Androgen Insensitivity Syndrome (AIS)

• This condition occurs when the body doesn't respond to androgens, leading to a phenotype that is largely female despite a chromosomal male (XY) makeup. 
• Complete AIS typically results in phenotypically female-appearing individuals.
• Partial AIS can present with varying degrees of external genitalia ambiguity, presenting with different levels of ambiguity.
• Genetic and physical assessments are crucial for diagnosis.

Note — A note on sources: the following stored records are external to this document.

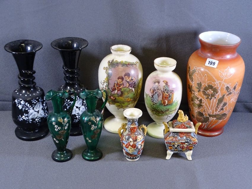 MILK GLASSWARE, Mary Gregory style vases ETC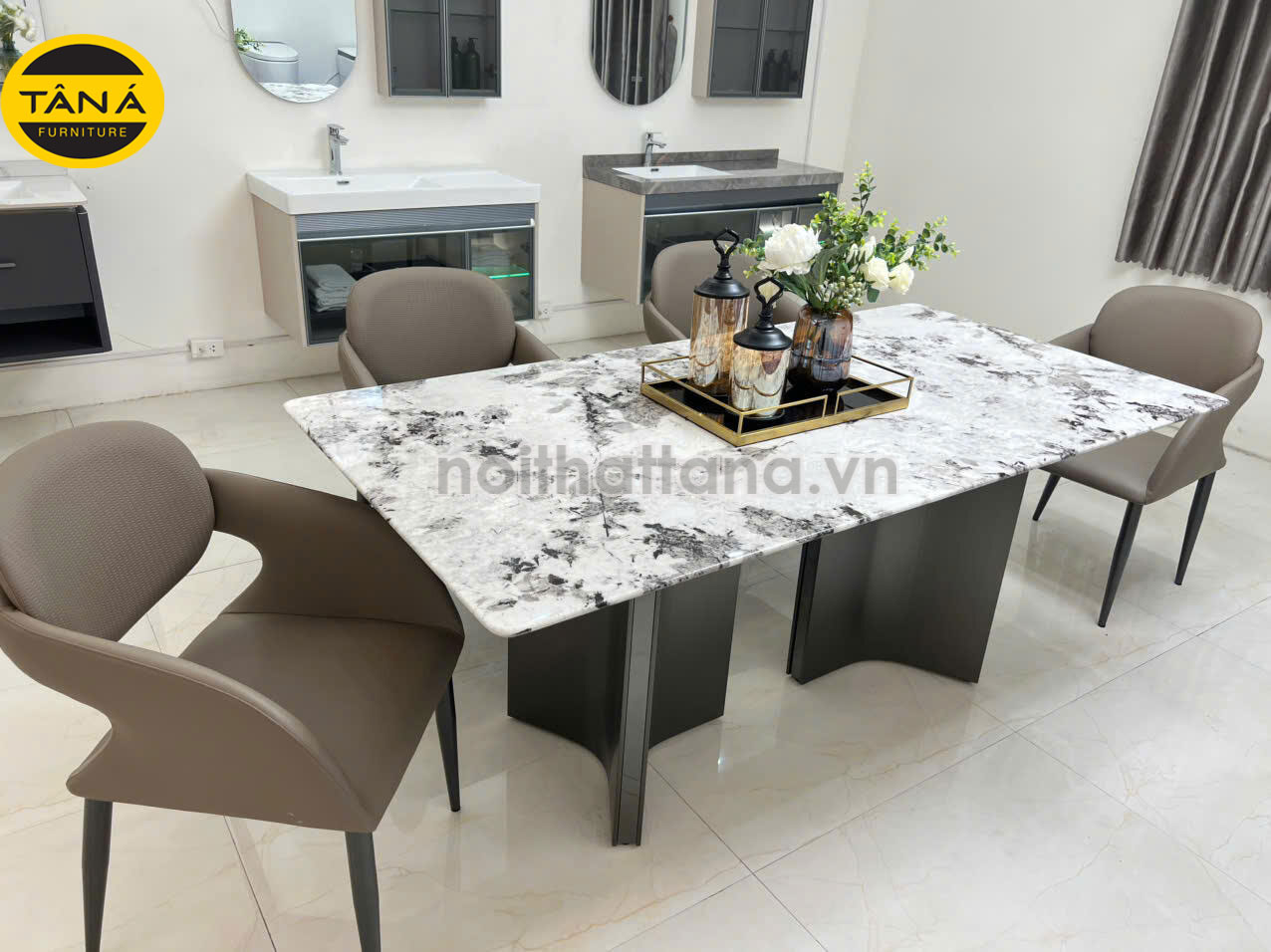 Đặt mua Bộ Bàn Ăn Mặt Đá Tự Nhiên 1m8 +6 Ghế Nhập Khẩu BA-AC-31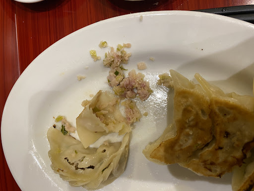 まさかとおもいつつ食べていくと餃子は冷たく、4つ食べた時点で「おえぇぇぇ」っとなった。肉が腐ったような傷んだ味がしたのでつかさず吐き出しました。驚いて中を開けてよく見ると餃子の肉が「生」でした。まぁ半生?でも冷たかったので生の部分もあったと思います。つかさず友人とやばいやばいやばいとなり早く出よう!帰ろう!と慌てて店を出ようとしました。会計しようとして、ついレジで「餃子の肉、生だったよ!」というとレジの女性がそれを厨房の男性たちに伝えると中国語でもめ始め、(まぁ別に生だったことを知らせただけなんですけど)最終的にはお金はいらないですと言ってもらえました。が、回鍋肉の方はまずかっただけなので払いました。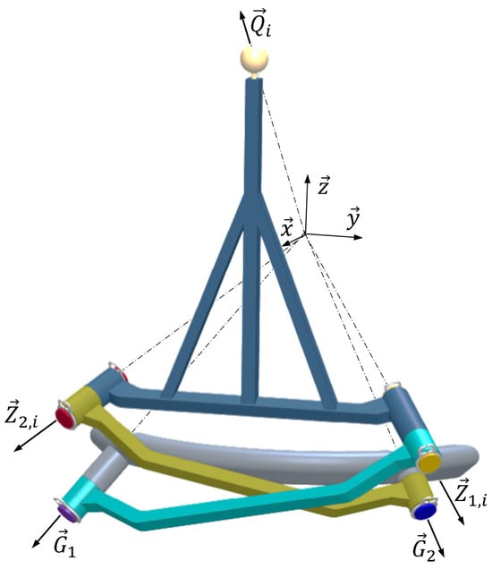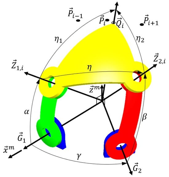 The fixed revolute joint axes of the spherical mechanism are designated and , as shown in Figure 2. The moving revolute joint axes, corresponding with the ith position of the mechanism and specified in the fixed frame, are and .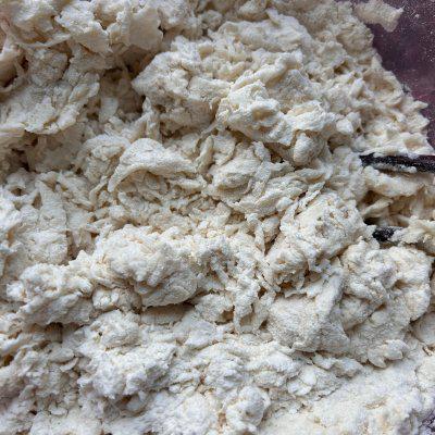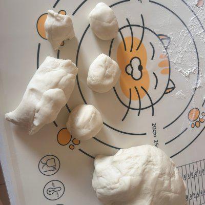 1、面粉加入 3 克白糖 一勺猪油 酵母温水融化,混合在一起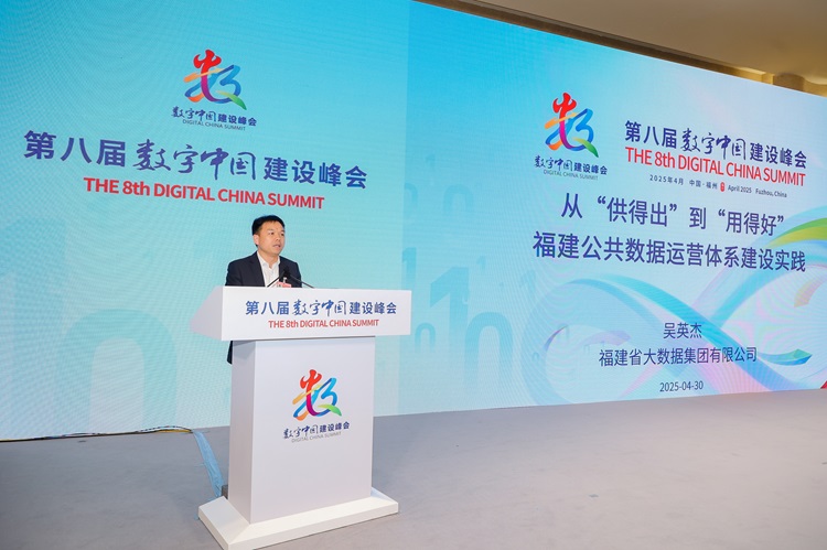 福建省大數(shù)據(jù)集團(tuán)黨委委員、副總經(jīng)理吳英杰作“從‘供得出’到‘用得好’:福建公共數(shù)據(jù)運(yùn)營(yíng)體系建設(shè)實(shí)踐”演講。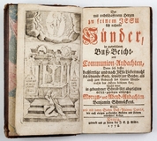 SCHMOLCK Benjamin – Der mit rechtschaffenem Herzen zu seinem Jesu sich nahende Sünder, in auserlesenen Buss- Beicht- und Communion-Andachten, Deren sich dessen bussfertige und nach Jesu Liebesmahl sich sehnende Seele, sowohl zur Beichte, als auch zum Gebrauch des theuren Abendmahls des Herrn bedienen kan; Benebst denen in gebundener Schreib-Art abgefassten Gott-geheiligten alltäglichen Morgen- und Abend-Andachten, Benjamin Schmolckens. Neue, und mit denen Sieben Buss-Psalmen Davids wie auch einigen geistreichen Gebeten und Liedern vermehrtere Auflage. Danzig 1778. Gedruckt und zu finden bey J. E. F. Müller. 8, s. [14], 272, frontispis w miedziorycie. opr. skóra z epoki, obcięcie złoc.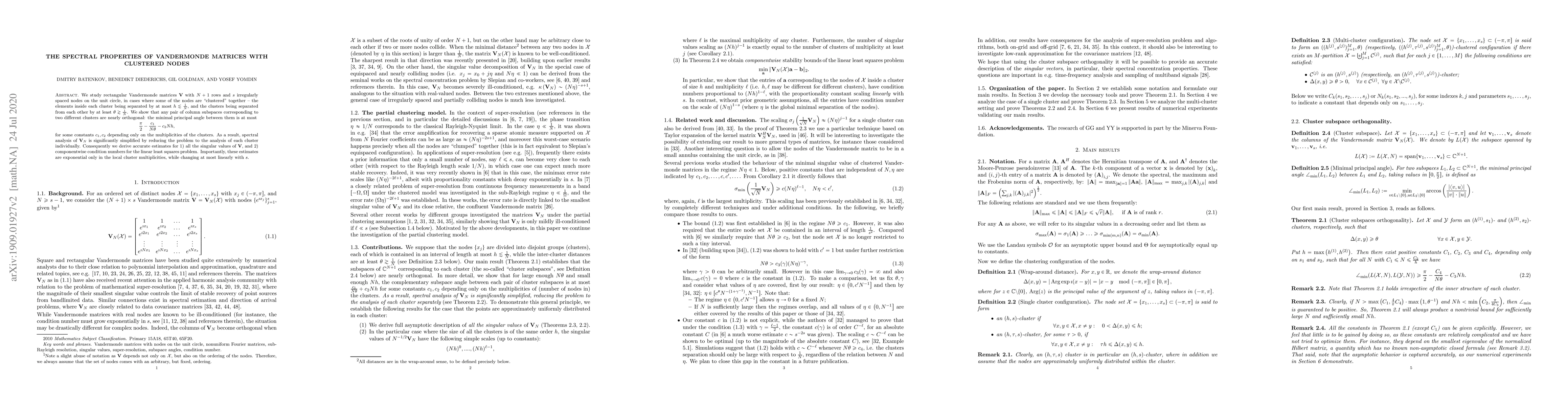 We study rectangular Vandermonde matrices $\mathbf{V}$ with $N+1$ rows and $s$ irregularly spaced nodes on the unit circle, in cases where some of the nodes are "clustered" together -- the elements inside each cluster being separated by at most $h \lesssim {1\over N}$, and the clusters being separated from each other by at least $\theta \gtrsim {1\over N}$. We show that any pair of column subspaces corresponding to two different clusters are nearly orthogonal: the minimal principal angle between them is at most $$\frac{\pi}{2}-\frac{c_1}{N \theta}-c_2 N h,$$ for some constants $c_1,c_2$ depending only on the multiplicities of theclusters. As a result, spectral analysis of $\mathbf{V}_N$ is significantly simplified by reducing the problem to the analysis of each cluster individually. Consequently we derive accurate estimates for 1) all the singular values of $\mathbf{V}$, and 2) componentwise condition numbers for the linear least squares problem. Importantly, these estimates are exponential only in the local cluster multiplicities, while changing at most linearly with $s$.

Congenital Adrenal Hyperplasia (CAH)

• CAH is a group of genetic disorders affecting the adrenal glands, impacting hormone production.
• An individual with CAH might have ambiguous genitalia or other related symptoms. 
• CAH is diagnosed using a combination of physical assessment, hormone testing and genetic testing.
• Various forms of CAH exist, including those related to insufficient enzymes, impacting hormonal production along the path to either cortisol or aldosterone production.

Other Factors

• The Quigley scale, Prader scale, HCG stimulation, and various genetic defects and chromosomal and hormonal factors play a part in differences seen.
• Several factors like the presence/absence of the SRY gene, types of hormone production and responsiveness to hormones impact sexual differentiation. 
• Many individuals face stigmatization. There is growing awareness about celebrating differences.

Additional Information

• 46, XX DSD: XX females exposed to high levels of androgens in utero. Congenital Adrenal Hyperplasia (CAH) is one example of a cause.
• Congenital Adrenal Hyperplasia (CAH): The completeness of the enzyme block varies causing different levels of hormonal impact. If absent, it can be fatal. Often diagnosed due to visible ambigious (unusual) genitalia.
• Many forms of intersex variations exist impacting the production or action of crucial development hormones including but not limited to testosterone, DHT, and AMH.
• Individuals display a variety of physical and developmental characteristics.
• The concept of "normal" and typicality often fail to account for the complete spectrum of variation in sex traits and expressions.
• The spectrum of possible conditions and symptoms related to intersex and related variations demonstrate many forms of hormonal impact and action.

Description

Test your knowledge on human sexual development, including the roles of chromosomes, genes, and hormonal influences. Explore concepts such as the SRY gene, Androgen Insensitivity Syndrome, and 5 alpha reductase deficiency. This quiz covers critical topics in genetics and embryology.